While generally well-tolerated, ashwagandha may cause mild side effects and interact with certain medications. It's crucial to approach its use thoughtfully and in conjunction with professional medical advice. Incorporating ashwagandha into a sleep routine should complement, not replace, good sleep hygiene practices.

As research continues, ashwagandha remains a promising option for those seeking natural ways to improve sleep and manage stress and anxiety. However, individual responses vary, and more long-term studies are needed to fully understand its effects. Always consult a healthcare provider before starting any new supplement regimen, especially if you have pre-existing health conditions or are taking medications.

Also Read: Can Ashwagandha Increase Height in Adults?


Can ashwagandha help with stress, anxiety, and sleep issues?

Ashwagandha extracts have been found to potentially reduce stress and anxiety. Studies indicate that individuals who consumed ashwagandha over a period of 6 to 8 weeks experienced a decrease in stress, anxiety, fatigue, and sleeplessness. Additionally, it has been shown to lower the levels of stress hormones.
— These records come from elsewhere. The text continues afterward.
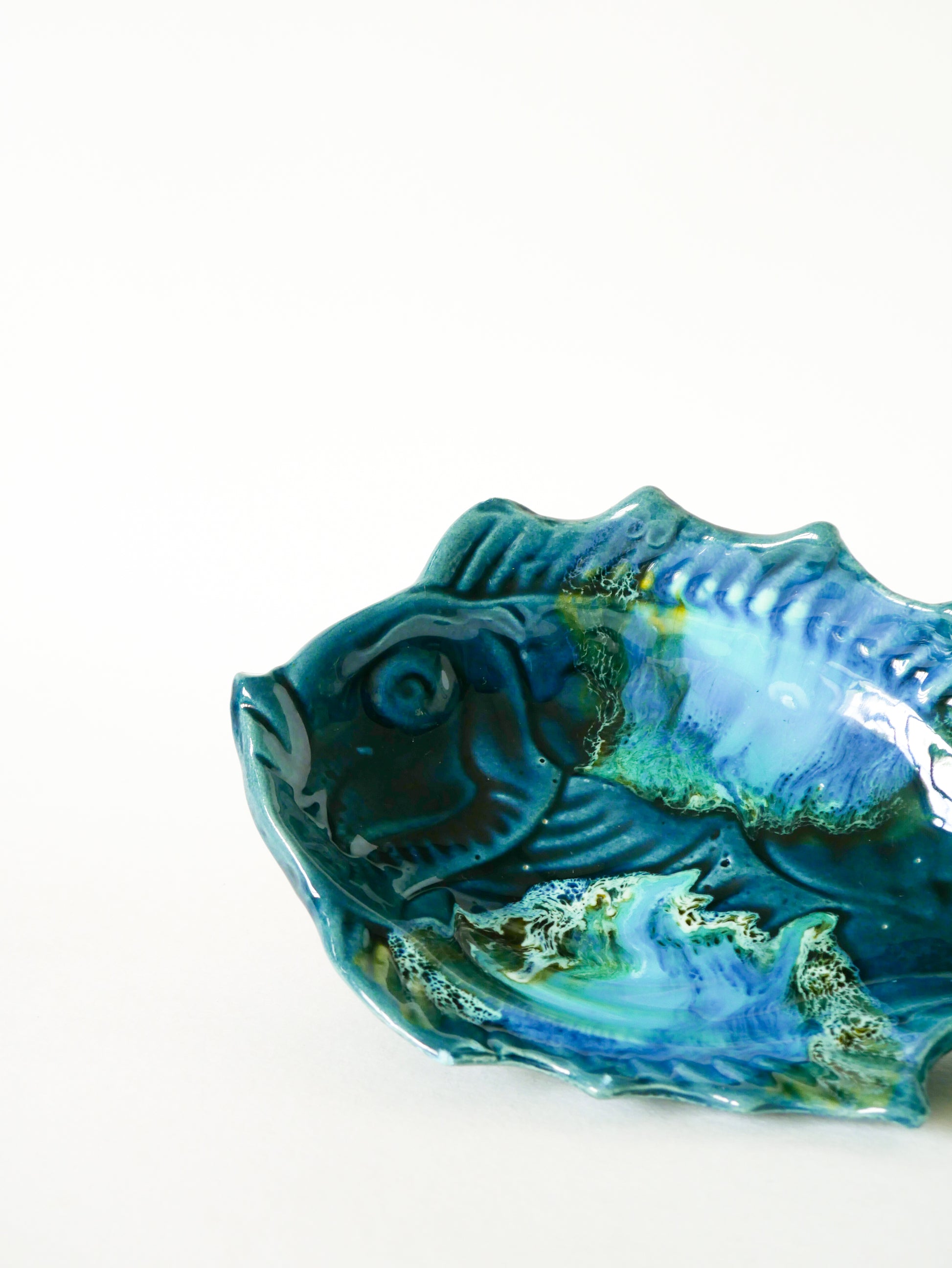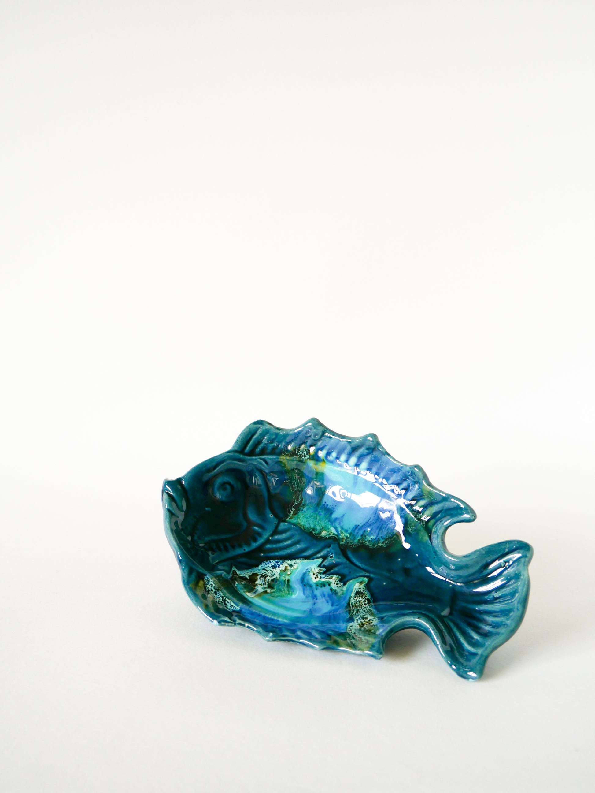 Vide-poche poisson en céramique, Bleu, Vallauris, 1970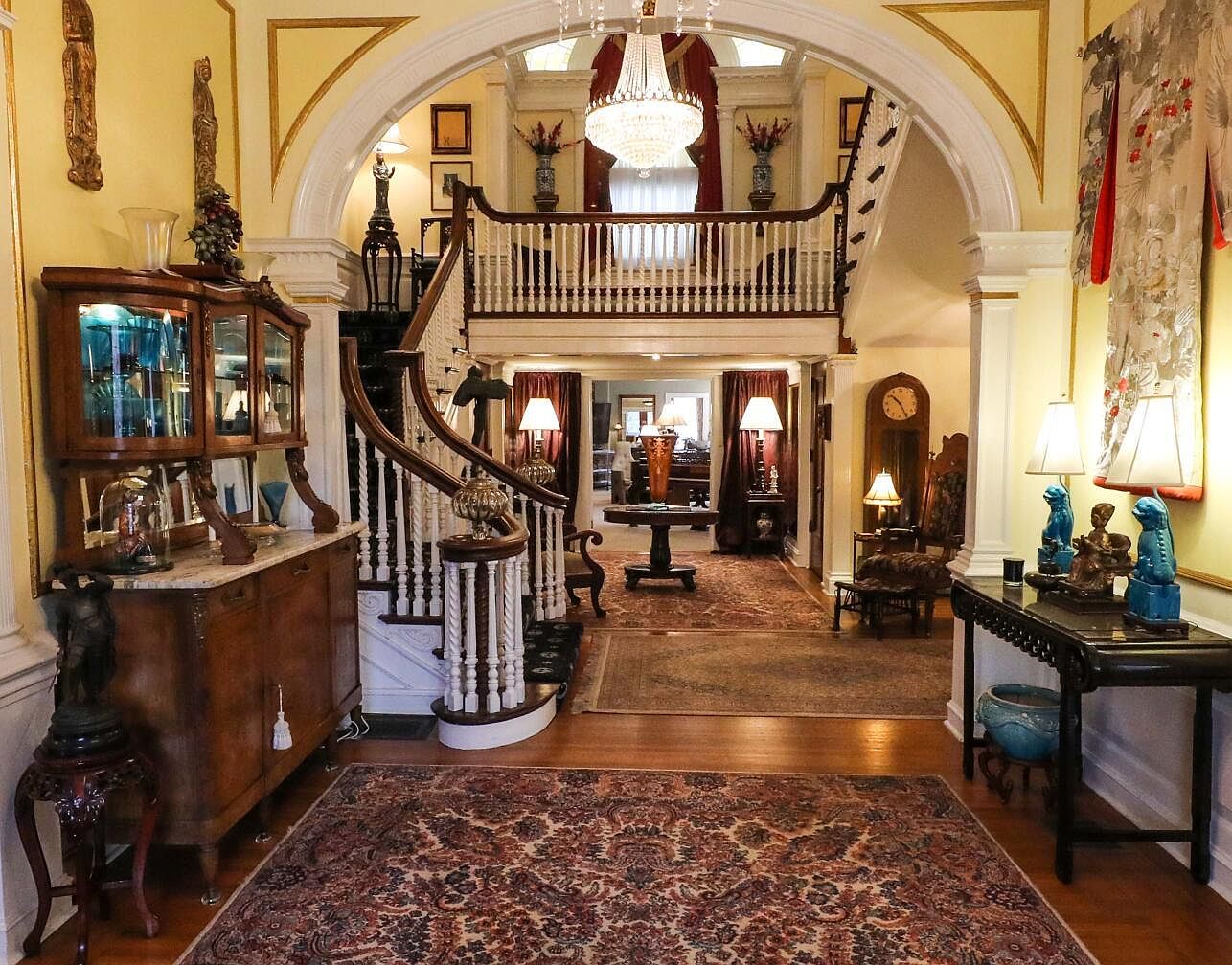 The entryway features a grand wooden staircase with intricately carved balusters, leading to an upper level. Rich, warm tones dominate the space, with golden yellow walls adorned with white trim, enhancing the historic charm. A large, ornate table stands center stage, topped with a striking copper vase. Decorative elements like sconces provide subtle lighting, while a large area rug adds warmth to the polished hardwood floors. The dual front doors framed by tall windows invite natural light into the space, creating an inviting atmosphere. Vintage furniture pieces, including an elegant armchair, complement the traditional aesthetic.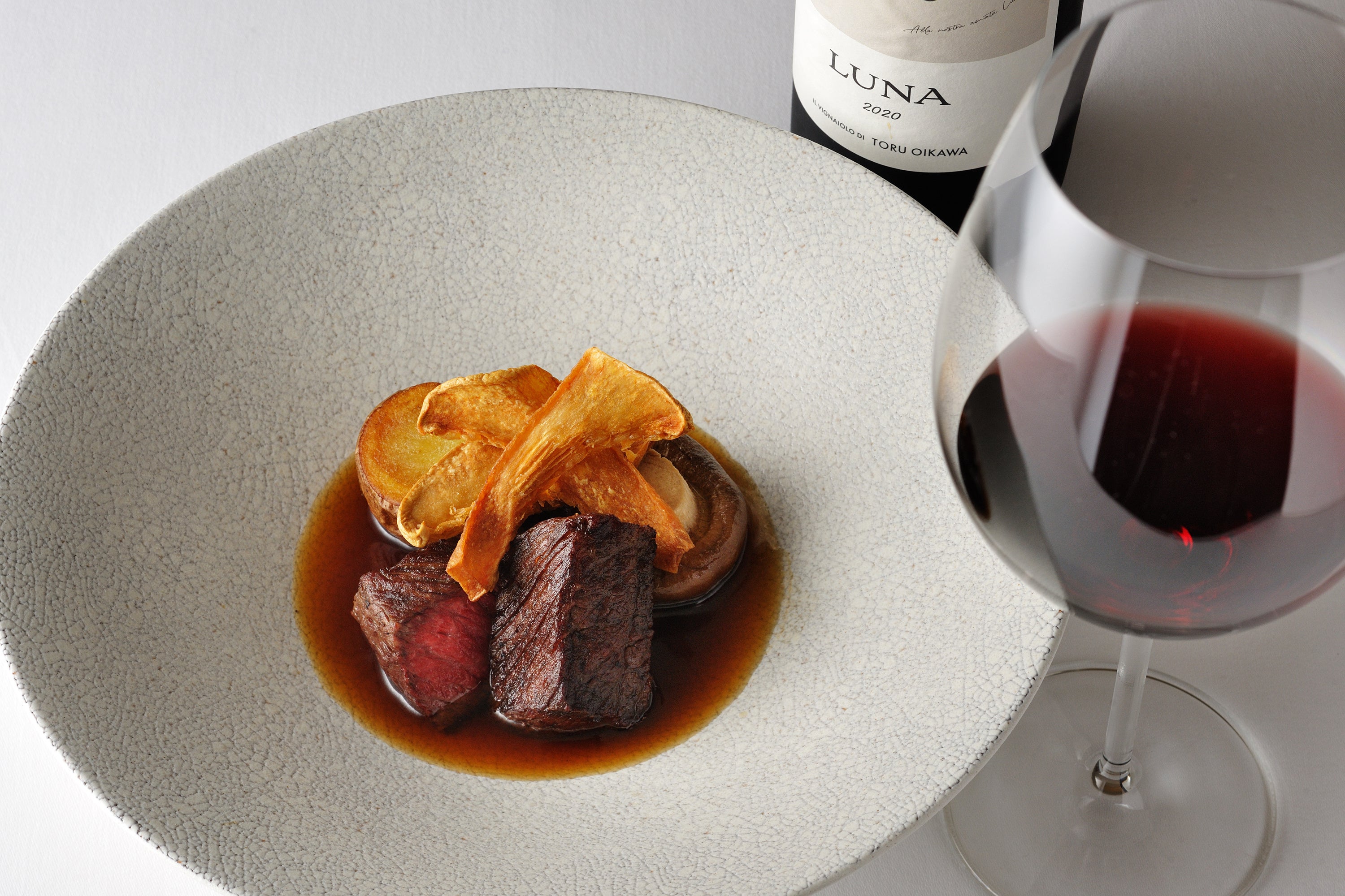 ブルネッロの巨匠カーゼバッセで研鑽を積んだ及川徹氏が造り上げる衝撃のトスカーナIGT「ルーナ」。カベルネ・ソーヴィニヨン主体のワインの雄大な果実とミネラル感、なめらかなタンニンが、キノコのコンソメの旨みを引き立て調和し、やわらかな余韻が、牛肉の風味に華やかさを与えます。
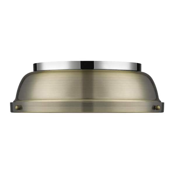 Duncan 14 in. 2-Light Chrome Flush Mount with Gold Shade and No Bulbs Included 1-Pack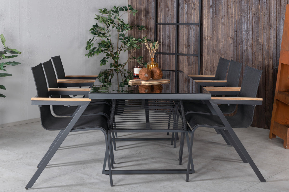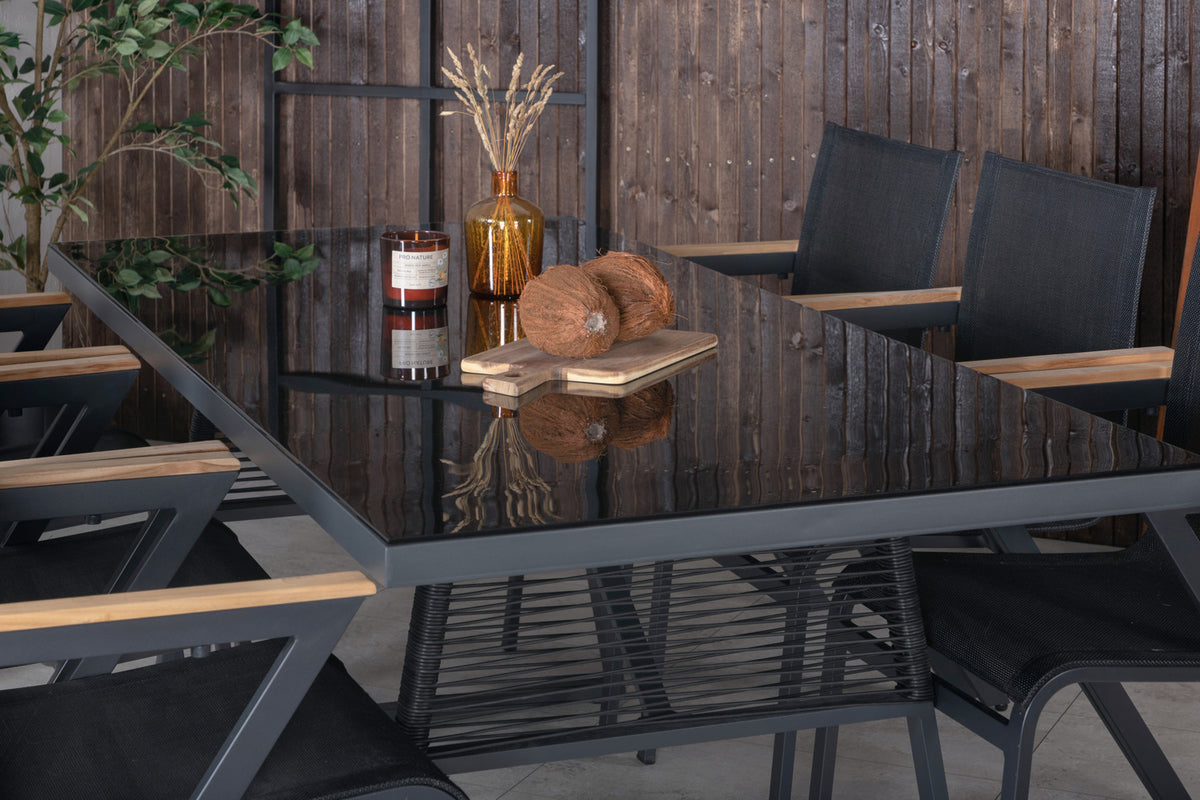 Dallas & Mexico Spisebord 193x90 + Spisestole Sort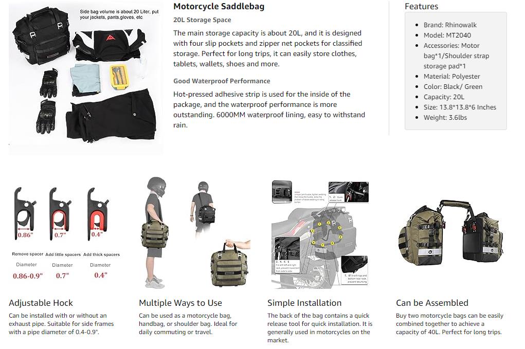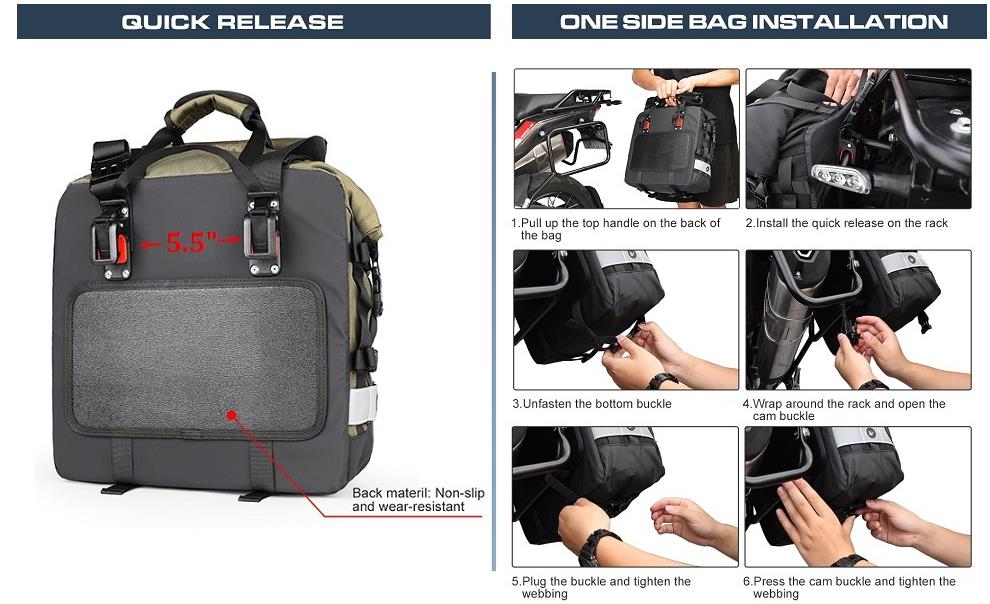- Simple Installation: The back of the bag contains a quick release tool for quick installation. It is generally used in motorcycles on the market, and can be installed with or without an exhaust pipe. Suitable for side frames with a pipe diameter of 10mm-22mm. Equipped with a strap, it can be used as a shoulder bag, which can be crossed or carried by hand.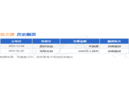 - 【投融资动态】世之源战略融资投资方为国投创益 2025-12-12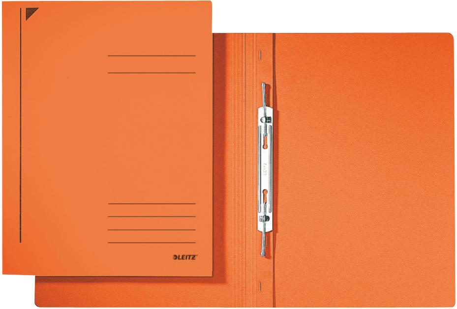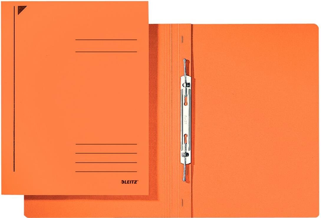 LEITZ Spiralhefter, DIN A4, Colorspankarton, orange 320 g/qm, mit Spiralmechanik 80 mm, mit Beschriftungslinien, Fassungsvermögen: 250 Blatt, für kaufmännische Heftung und Amtsheftung verwendbar, durch Lösen der Hakenleiste können die Spiralen wie ein Buckrücken gebogen werden, Maße: (B)240 x (H)318 mm, gepackt zu 25 Stück (3040-00-45)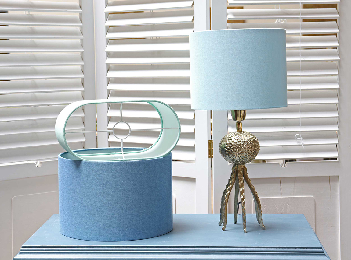 These handmade lamp shades come in six beautiful blue and green shades, and are offered in various sizes and shapes to fit your individual style and interior. £27 per shade.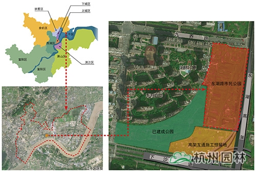 江干区东湖路市民公园位于东湖路与九乔街西南角,毗邻九月庭院和泊林印象小区,是江干区“一带生态功能区”的“运河—钱塘江—东湖路”U型生态轴的重要节点。结合已建成公园和高架互通施工预留地,对东湖路市民公园进行统一规划。
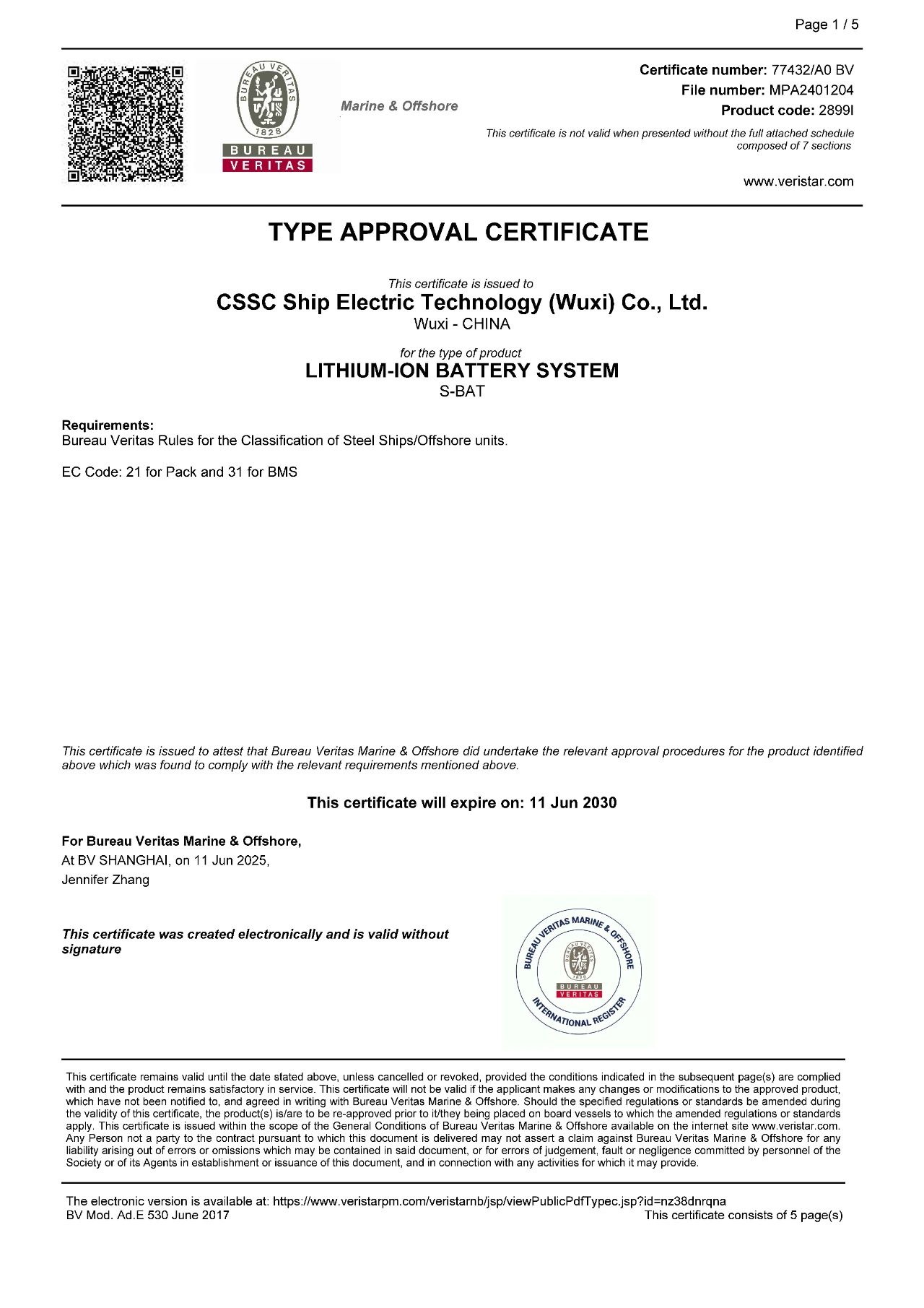 2025年6月11日,中船賽思億(無錫)電氣科技有限公司(CSSC Ship Electric Technology ( Wuxi) Co.,Ltd.)磷酸鐵鋰電池系統(tǒng)順利取得法國船級(jí)社 (BV) 型式認(rèn)可證書,是中船賽思億進(jìn)軍國際船舶建造項(xiàng)目的一塊強(qiáng)有力的“敲門磚”。截至目前,中船賽思億憑借強(qiáng)大的技術(shù)攻堅(jiān)能力,已實(shí)現(xiàn)自產(chǎn)電池包(模組兼容寧德時(shí)代、億緯鋰能等品牌)及BMS電池管理系統(tǒng)全系列產(chǎn)品的全覆蓋,且均已順利取得中國船級(jí)社(CCS)、法國船級(jí)社(BV)兩大主流船級(jí)社型式認(rèn)可證書,對(duì)中船賽思億深耕海內(nèi)外綠色船舶市場(chǎng)開拓具有重要意義。

What are some effective methods to prevent stress from affecting sleep?

To mitigate stress before bedtime, consider these strategies:

  • Engage in regular exercise, but avoid doing so right before bedtime.
  • Practice mindfulness techniques.
  • Reduce your intake of caffeine and alcohol.
  • Dim the lights and limit screen time before going to bed.
  • Enjoy a relaxing bath or a warm shower.
  • Establish a simple nighttime routine.
  • Transform your bedroom into a tranquil space.

How can you alleviate stress before going to sleep?

Progressive muscle relaxation is an effective method:

  • Find a quiet place and sit or lie down in a comfortable position.
  • Take slow, deep breaths.
  • Tense and then relax different muscle groups, starting from the head, neck, and face, moving downwards.
  • Focus on any remaining areas of tension and repeat the process.

Why is it hard to sleep when stressed?

Stress often leads to physical tension, which can make sleeping difficult. You might not always be aware of the stress you are under, but your body can respond with tightened muscles. Progressive muscle relaxation is a recognized technique that has been used for years to treat insomnia effectively by easing these physical symptoms.